Just minutes ago I woke up to my Idolomantis, Iris, mismolted and twitching at the bottom of my butterfly enclosure. She had plenty of sticks around the top to clasp onto but must have molted while holding onto the netted walls, and fell nearly 2 feet to the bottom where she hardened into a tangled mess. I had read before that they have problems molting on these walls, but chose to ignore it due to the number of youtube videos and people on here saying that these enclosures work fine. THEY DO NOT. My L6 idolomantis is dead and I am full of regret.

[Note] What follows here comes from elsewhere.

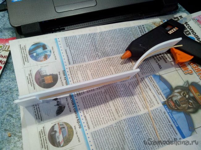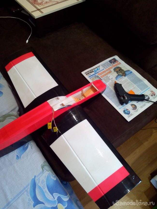 После завершения обтяжки приклеиваем крыло. Для большей прочности лучше клеить на эпоксидку, но если ее нет – потолочным клеем с закреплением термоклеем изнутри.
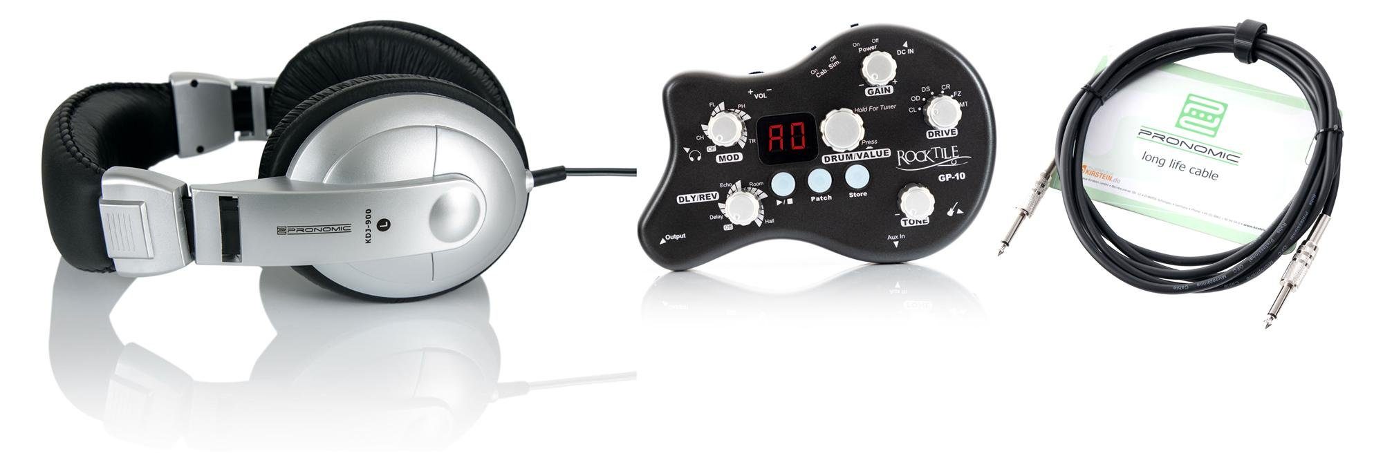 Du willst auch unterwegs immer üben können? Du brauchst ein kleines Recording Tool für zu Hause? Der super-kompakte Rocktile GP-10 Headphone Amp im praktischen Practice Kit mit einem hochwertigen, dynamischen DJ-Kopfhörer und dem passende Instrumentenkabel ist die Lösung!

I dont care if I have to make 10,000 posts saying this: BUTTERFLY ENCLOSURES ARE NOT NOT NOOOOOOOOOOOOT SAFE FOR IDOLOMANTIS. RIP Iris


----------



## River Dane (Jan 13, 2018)

Oh, I’m so sorry for your loss.   

Its unfortunate that you had to experience this based on bad advice from others. Thank you for sharing the word, though. 

—D.E.


----------



## Connor (Jan 13, 2018)

Sorry for your loss... I personally had no problems with net cages. Yeah though I am switching it up now that they are subs...


----------



## rferrera (Jan 13, 2018)

I was asleep while she was molting so theres no telling what really happened... but I do believe she was at the very top of the enclosure when she fell. I'm guessing the mesh walls were too fine for her feet to clasp onto, even though she had no trouble climbing/hanging before. Something more akin to a window screen seems more appropriate.


----------



## Patty (Feb 1, 2018)

I'm SO SORRY that happened!? Poor Iris!

I've gently hot glue gunned sticks permanently to the inside top &amp; sides of the nets that I keep my Idolos in. 

You may want to consider doing so, for the air flow/ventilation of the net Cubs are ideal for Idolos.

I hope this helps...

I hope you continue to keep Idolomantis... They are amazing animals ?


----------



## Patty (Feb 1, 2018)

Also, one can glue gun a magnet to stick &amp; place it where you'd like it, then attach the other magnet on the outside. They connect quite well through the thin mesh. No glue needed on your net!

Patty?


----------



## Krissim Klaw (Feb 1, 2018)

I'm sorry for your loss. Unfortunately their are a few species that can have problems with net cages in their later instars, and Idolomantis are one of them.


----------



## Kermit (Feb 1, 2018)

True for Violins as well. Sorry you didn't get better info. I use magnets, with sticks as Patty mentioned along with course netting fabric on top and sides for latter instars. Net cages are great for ventilation but too fine for grasping when the do the "flip" following a molt.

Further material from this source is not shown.